- Такие громадины, как Микеланджело, появляются, наверно, не чаще как однажды в тысячу лет!.. Вот человек, который все умел и все делал так, как, кроме него, никому не сделать! - восклицал Шубин, изучая творения Микеланджело.
Еще в Париже Шубин читал на французском языке книги о Микеланджело, написанные его современниками и учениками Вазари и Кондиви. К изучению Микеланджело он был уже подготовлен, и все же впечатления от того, что он увидел, превзошли его ожидания. Первое знакомство Шубина с творениями Микеланджело началось с осмотра росписей сводов и стен Сикстинской капеллы. Эти огромные по объему, изумительные по мастерству фресковые росписи создавались в те же годы, когда Рафаэль расписывал стены Ватикана. Состязались в искусстве живописи два гиганта.
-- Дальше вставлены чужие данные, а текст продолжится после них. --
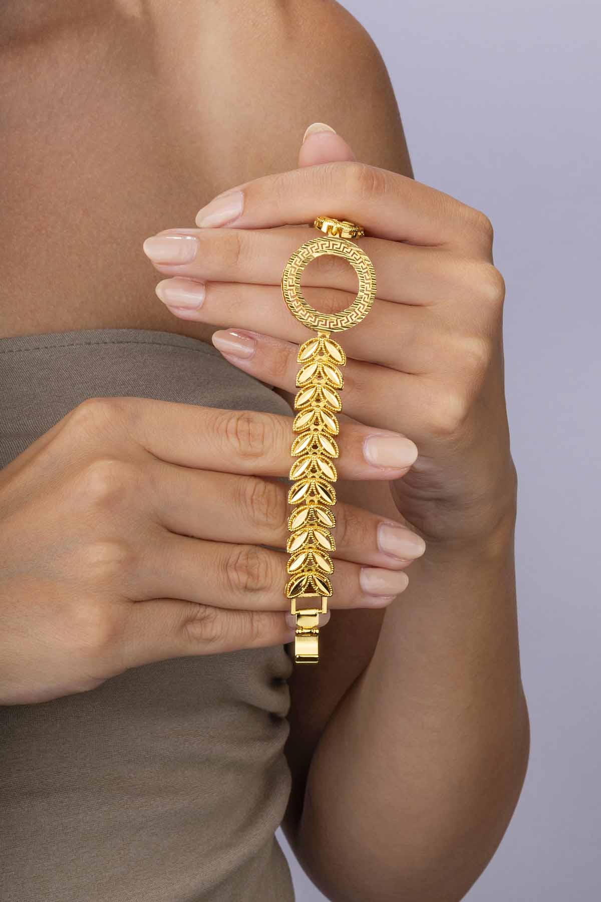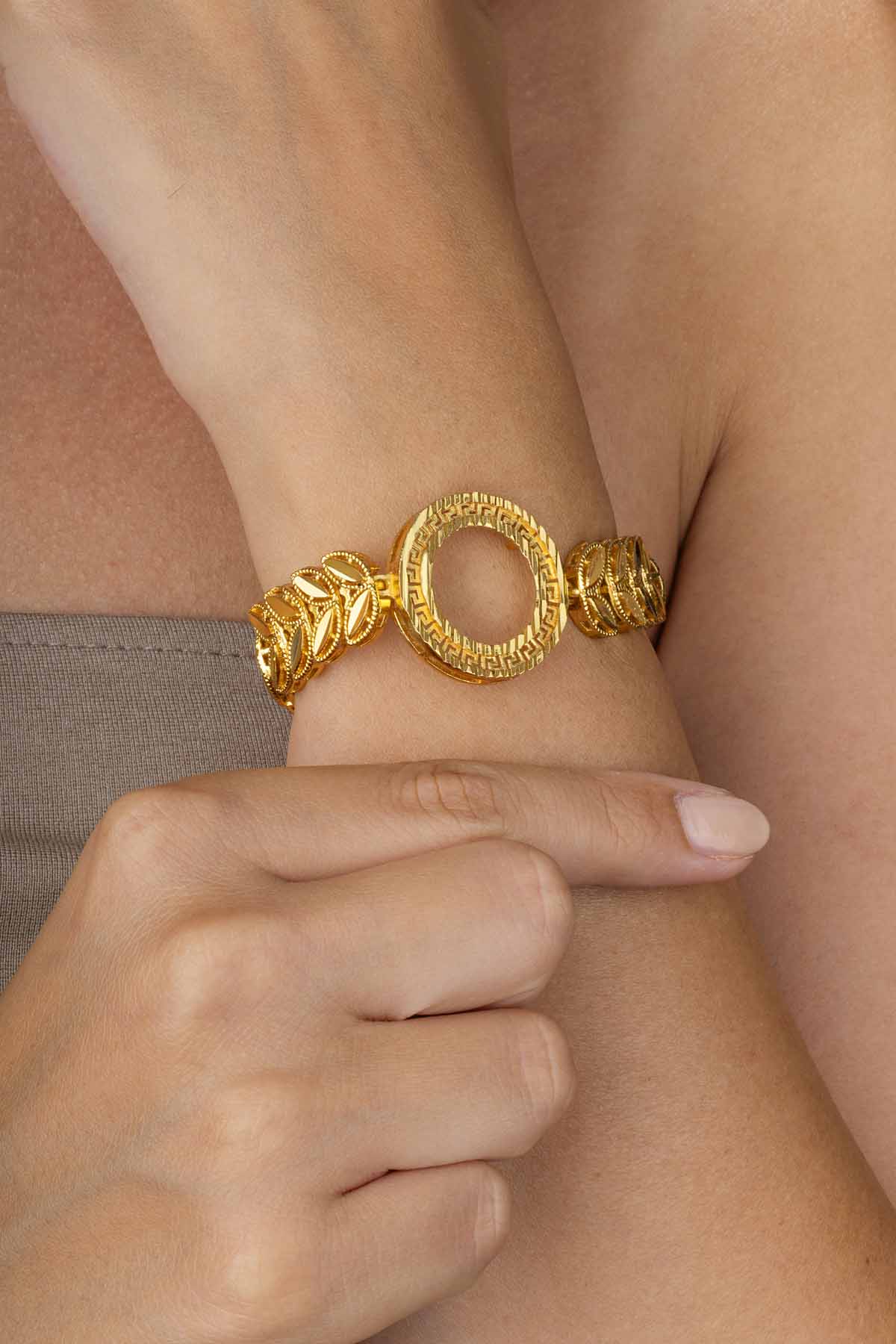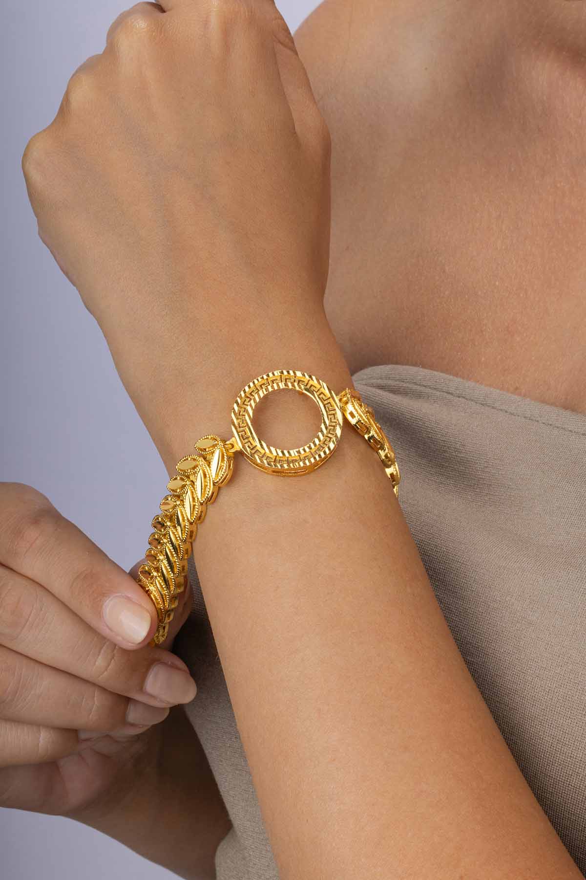 Gelince Haber Ver“Yarım altın koymak için özel olarak tasarlanan kelebek motifli altın kaplama çelik kadın bileklik, zarif ve geleneksel şıklığı bir araya getirir. Parlak yaprak ve kelebek desenleriyle süslenen bu bileklik, ortasında yarım altın takılabilen yuvarlak motif detayıyla düğün, nişan ve özel günlerde göz alıcı bir tamamlayıcı aksesuar olur. Paslanmaz çelik üzerine altın kaplama işçiliği sayesinde kararma yapmaz, uzun ömürlü kullanım sunar. Kelebek motifli modern tasarımıyla hem günlük kullanımda hem de davetlerde stilinize altın ışıltısı katan bu bileklik, sevdiklerinize hediye edebileceğiniz şık ve anlamlı bir seçenektir. Yarım altın bileklik modelleri arasında zarafetiyle öne çıkan bu tasarım, geleneksel takıları modern çizgilerle seven kadınlar için idealdir.”

Микеланджело привлекал Шубина своей разносторонностью. Шубин сначала изучал его библейские сюжеты на плафонах капеллы, где ветхозаветные легенды о сотворении мира, о грехопадении, о Страшном суде и потопе в гениальных изображениях художника как бы перекликались с содержанием "Божественной комедии" Данте, а человеческие фигуры в их положениях были настолько жизненны, что ничего не имели общего с принятым религиозным благочестием. Боги и ангелы, люди и дьяволы, возносящиеся праведники и низвергаемые грешники, пророки-старцы и юноши, голые и полуобнаженные, прекрасные телом, дышащие чувствами высоких страстей, - все они, словно бы выхваченные из жизни, а не из легенд, слились в сюжетных композициях и представляли собою зрелище скорбных, трагических и величественных человеческих чувств.
Побывав несколько раз в Сикстинской капелле, Шубин стал изучать скульптурные работы Микеланджело, которыми также богаты Рим и Флоренция. Уединяясь от своих товарищей, он рано уходил в капеллы и палаццо, где находились статуи и надгробия работы этого великого ваятеля. Статуи Давида, Моисея, фигуры рабов, высеченные в мраморе, объемные скульптуры и барельефы день за днем постепенно исследовались им со стороны прекрасного воплощения и со стороны техники мастерства, умения обращаться с мрамором смело, уверенно, не допуская при этом ни малейших просчетов в действиях шпунтом, резцом и другими инструментами при обработке благородного, холодного и непокорного камня.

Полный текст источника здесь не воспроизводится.